GIVEN ENTRIES →

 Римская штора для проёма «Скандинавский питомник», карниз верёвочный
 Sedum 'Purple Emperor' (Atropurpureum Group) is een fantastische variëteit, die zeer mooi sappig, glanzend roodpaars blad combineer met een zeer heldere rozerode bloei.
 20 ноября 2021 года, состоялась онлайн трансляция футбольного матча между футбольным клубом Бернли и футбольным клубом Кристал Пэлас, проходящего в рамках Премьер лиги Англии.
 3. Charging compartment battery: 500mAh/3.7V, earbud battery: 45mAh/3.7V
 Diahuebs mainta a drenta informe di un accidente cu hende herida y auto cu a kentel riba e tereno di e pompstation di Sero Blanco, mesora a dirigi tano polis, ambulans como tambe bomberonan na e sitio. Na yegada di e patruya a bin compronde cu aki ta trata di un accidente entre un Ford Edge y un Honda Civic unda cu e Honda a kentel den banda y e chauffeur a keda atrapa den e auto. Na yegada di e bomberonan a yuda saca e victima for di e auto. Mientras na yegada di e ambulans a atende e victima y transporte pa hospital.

--

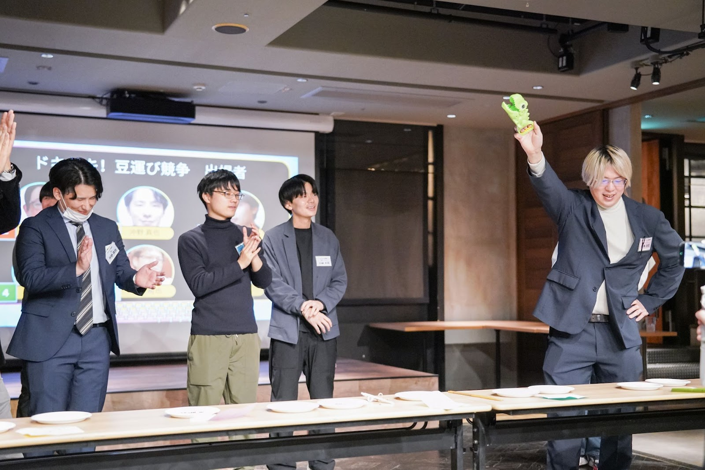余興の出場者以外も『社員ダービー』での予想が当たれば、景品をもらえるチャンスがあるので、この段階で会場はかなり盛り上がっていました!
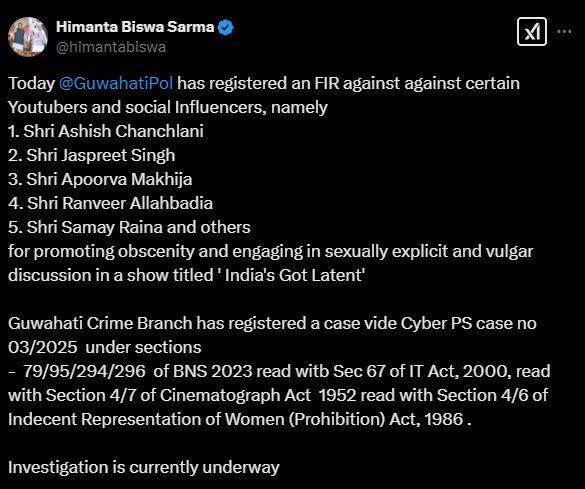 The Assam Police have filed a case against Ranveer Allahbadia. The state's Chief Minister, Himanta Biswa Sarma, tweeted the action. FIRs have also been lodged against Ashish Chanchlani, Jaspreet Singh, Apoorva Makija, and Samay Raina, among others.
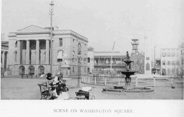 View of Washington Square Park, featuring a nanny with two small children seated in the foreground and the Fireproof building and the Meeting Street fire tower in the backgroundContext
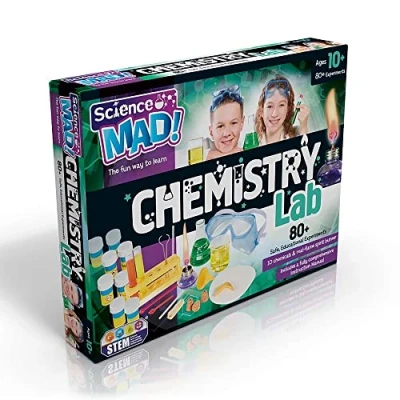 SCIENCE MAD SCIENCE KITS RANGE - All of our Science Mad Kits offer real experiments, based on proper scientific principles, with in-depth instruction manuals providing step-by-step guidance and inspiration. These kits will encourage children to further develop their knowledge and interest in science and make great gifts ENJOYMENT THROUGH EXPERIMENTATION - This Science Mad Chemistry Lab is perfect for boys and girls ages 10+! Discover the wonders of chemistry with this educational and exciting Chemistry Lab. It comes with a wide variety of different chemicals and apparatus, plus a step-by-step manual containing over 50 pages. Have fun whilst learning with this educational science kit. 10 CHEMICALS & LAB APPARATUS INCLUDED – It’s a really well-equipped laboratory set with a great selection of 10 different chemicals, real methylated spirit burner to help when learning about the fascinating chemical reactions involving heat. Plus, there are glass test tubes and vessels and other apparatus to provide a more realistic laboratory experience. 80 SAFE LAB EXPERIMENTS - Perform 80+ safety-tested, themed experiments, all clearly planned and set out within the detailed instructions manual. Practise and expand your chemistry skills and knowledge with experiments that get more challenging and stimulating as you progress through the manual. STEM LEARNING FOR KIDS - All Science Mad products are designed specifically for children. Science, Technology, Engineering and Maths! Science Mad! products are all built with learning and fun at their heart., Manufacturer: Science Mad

ASSIGNMENT →
When you reach the line in the material above that holds "Римская штора для", begin reproducing lines exactly, and stop after the line that holds "Diahuebs mainta a".

RESULT OF THE EXERCISE →
 Римская штора для проёма «Скандинавский питомник», карниз верёвочный
 Sedum 'Purple Emperor' (Atropurpureum Group) is een fantastische variëteit, die zeer mooi sappig, glanzend roodpaars blad combineer met een zeer heldere rozerode bloei.
 20 ноября 2021 года, состоялась онлайн трансляция футбольного матча между футбольным клубом Бернли и футбольным клубом Кристал Пэлас, проходящего в рамках Премьер лиги Англии.
 3. Charging compartment battery: 500mAh/3.7V, earbud battery: 45mAh/3.7V
 Diahuebs mainta a drenta informe di un accidente cu hende herida y auto cu a kentel riba e tereno di e pompstation di Sero Blanco, mesora a dirigi tano polis, ambulans como tambe bomberonan na e sitio. Na yegada di e patruya a bin compronde cu aki ta trata di un accidente entre un Ford Edge y un Honda Civic unda cu e Honda a kentel den banda y e chauffeur a keda atrapa den e auto. Na yegada di e bomberonan a yuda saca e victima for di e auto. Mientras na yegada di e ambulans a atende e victima y transporte pa hospital.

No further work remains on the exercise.